* What you will do:
Reprint the lines below as they are, minus the pictures.

* Supplied material:
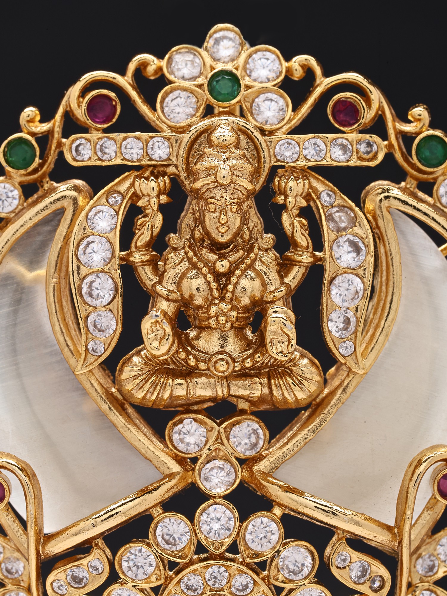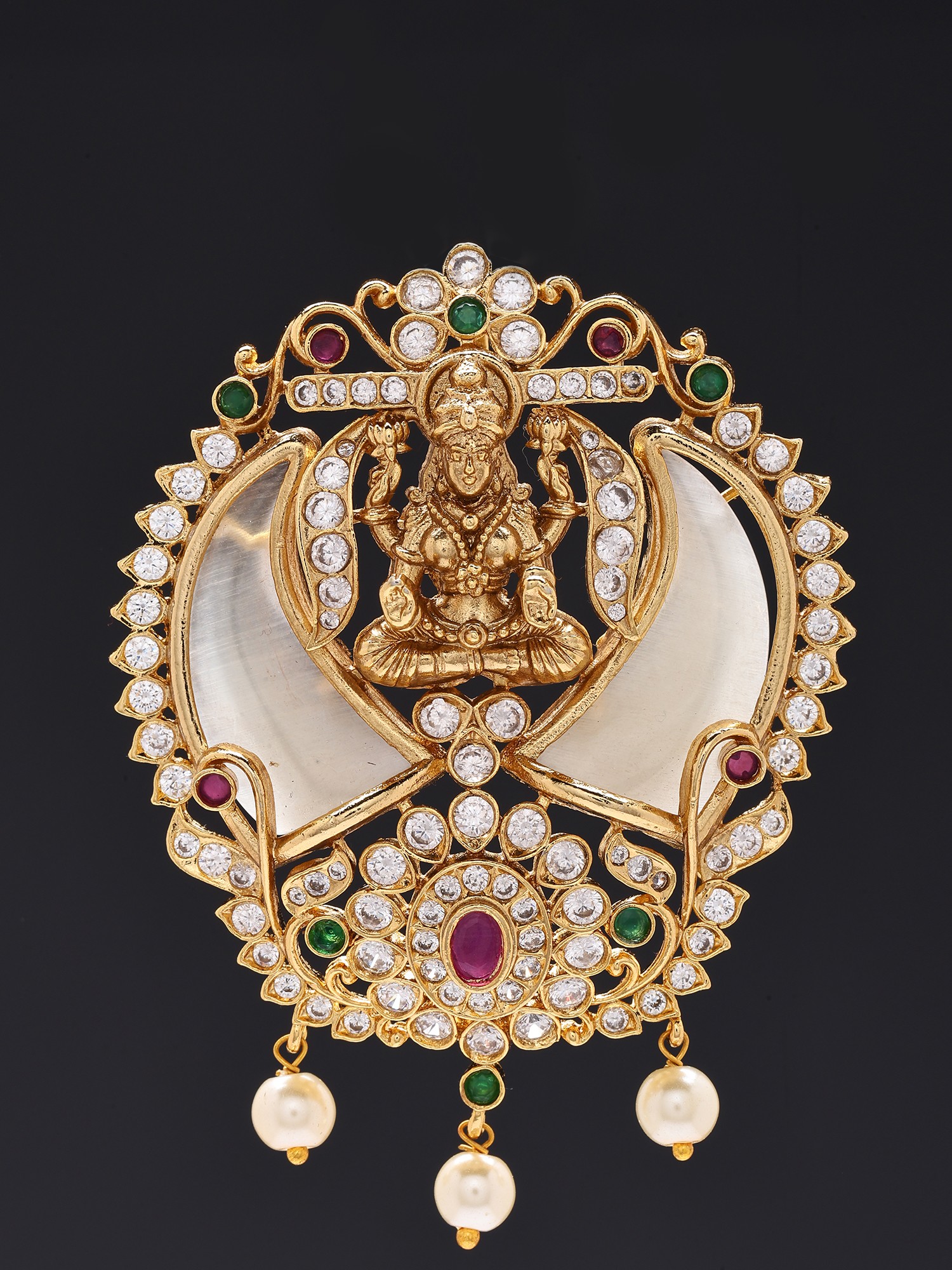 Adorned with a symphony of sparkling Kundan stones, vibrant green emeralds, and deep red rubies, this piece radiates an ethereal glow. These precious accents are artfully arranged around a central mother-of-pearl inlay, providing a luminous backdrop for the golden deity. Delicate pearls suspend from the lower edge, adding a graceful fluidity and completing the opulent aesthetic. Measuring 3.1 inches in height and 2.15 inches in width, its dimensions are perfectly proportioned for a striking yet elegant presence.
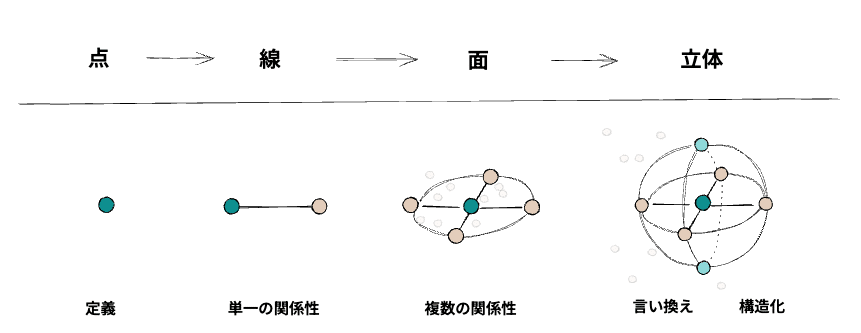 長らくそう思っていたところ、最近になって「点・線・面・立体」という思考のためのツールを手に入れました。
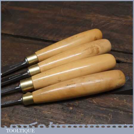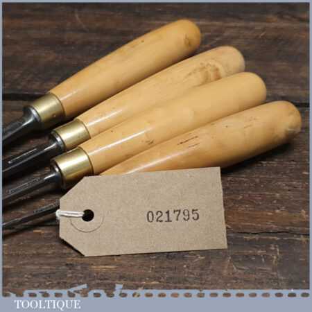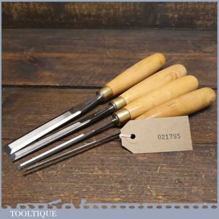 Rare vintage set of 4 No: Albert Scharwaechter, Alsace, France bevel edge chisels with boxwood handles in good little used condition.
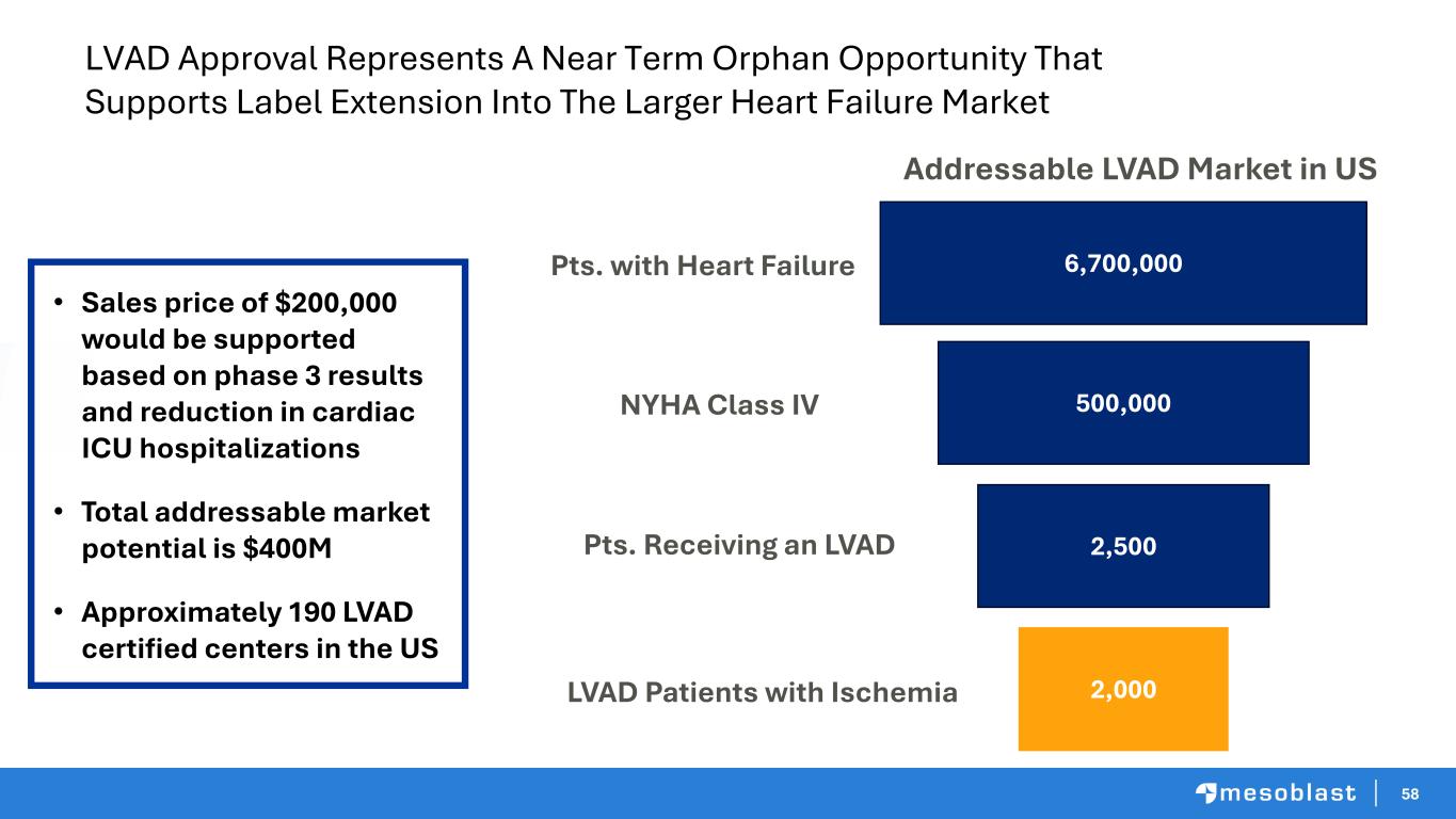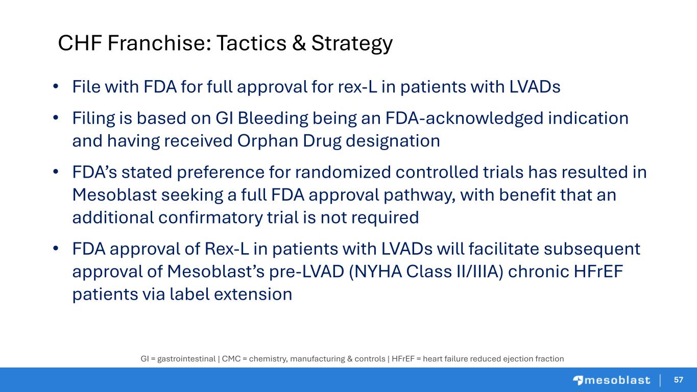 5757 CHF Franchise: Tactics & Strategy • File with FDA for full approval for rex-L in patients with LVADs • Filing is based on GI Bleeding being an FDA-acknowledged indication and having received Orphan Drug designation • FDA’s stated preference for randomized controlled trials has resulted in Mesoblast seeking a full FDA approval pathway, with benefit that an additional confirmatory trial is not required • FDA approval of Rex-L in patients with LVADs will facilitate subsequent approval of Mesoblast’s pre-LVAD (NYHA Class II/IIIA) chronic HFrEF patients via label extension GI = gastrointestinal | CMC = chemistry, manufacturing & controls | HFrEF = heart failure reduced ejection fraction

* Answer to this problem:
 Adorned with a symphony of sparkling Kundan stones, vibrant green emeralds, and deep red rubies, this piece radiates an ethereal glow. These precious accents are artfully arranged around a central mother-of-pearl inlay, providing a luminous backdrop for the golden deity. Delicate pearls suspend from the lower edge, adding a graceful fluidity and completing the opulent aesthetic. Measuring 3.1 inches in height and 2.15 inches in width, its dimensions are perfectly proportioned for a striking yet elegant presence.
 長らくそう思っていたところ、最近になって「点・線・面・立体」という思考のためのツールを手に入れました。
 Rare vintage set of 4 No: Albert Scharwaechter, Alsace, France bevel edge chisels with boxwood handles in good little used condition.
 5757 CHF Franchise: Tactics & Strategy • File with FDA for full approval for rex-L in patients with LVADs • Filing is based on GI Bleeding being an FDA-acknowledged indication and having received Orphan Drug designation • FDA’s stated preference for randomized controlled trials has resulted in Mesoblast seeking a full FDA approval pathway, with benefit that an additional confirmatory trial is not required • FDA approval of Rex-L in patients with LVADs will facilitate subsequent approval of Mesoblast’s pre-LVAD (NYHA Class II/IIIA) chronic HFrEF patients via label extension GI = gastrointestinal | CMC = chemistry, manufacturing & controls | HFrEF = heart failure reduced ejection fraction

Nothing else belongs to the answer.